I, like you, see an argument as just a small disagreement, something that has cropped up and needs to be sorted. Last Friday night we had an unmerciful fight him shouting me crying and begging him just to calm down ...

eventually just went to sleep so he could calm down whether he wanted to or not.
The next morning with alot of carefully chosen words we finally got to the bottom of something we hadn't realised ..... we argue very differently... He HAS TO WIN the argument... I want to SORT OUT the problem. If he's wrong he feels like he has lost, while if I'm wrong, I am pretty happy to go along with whatever we decided as no biggie I was Wrong.
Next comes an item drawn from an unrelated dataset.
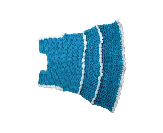 Flower kids Dress, 1970's vintage style, crocheted in white and Blue 100% pure Crochet frock, gift for baby girl, handmade, hand crafted (9-12 Months)
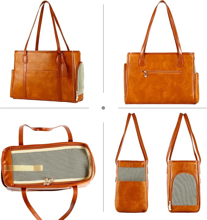 Stylish Dog Purse Carrier, Leather Pet Carrier Bag for Small Dogs Cats Puppy, Airline Approved Soft-Sided Carrier Brown

He couldn't believe me that that is how I see it. Eventually, I described it as Haggeling... I say something is worth so much ... the seller says no, it's worth so much and eventually we meet somewhere in the middle where both are happy... deal done no one loses in a sale.

If something can't be agreed on we agree to differ ... no deal. At this point you have to buy a different product or service that you need... hopefully without it costing you so much.
The reason he couldn't believe me was that forever, for him, an argument was always about winning...and lately he was "always loosing" (his words) and thus began resenting me if he felt I won an argument, and here was I in my oblivion thinking things were sorted, but instead left him feeling pretty crap.
It's early days yet but seems to have really perked him up. Sorry very long winded.
Another thing to discuss how did, and do, both your parents argue? and your brothers and sisters... and how did you argue with them ... how did you both feel you argued when you were young? You would be surprised at the answers.
Best of luck and enjoy. It's kinda refreshing to know we still have alot to learn with each other.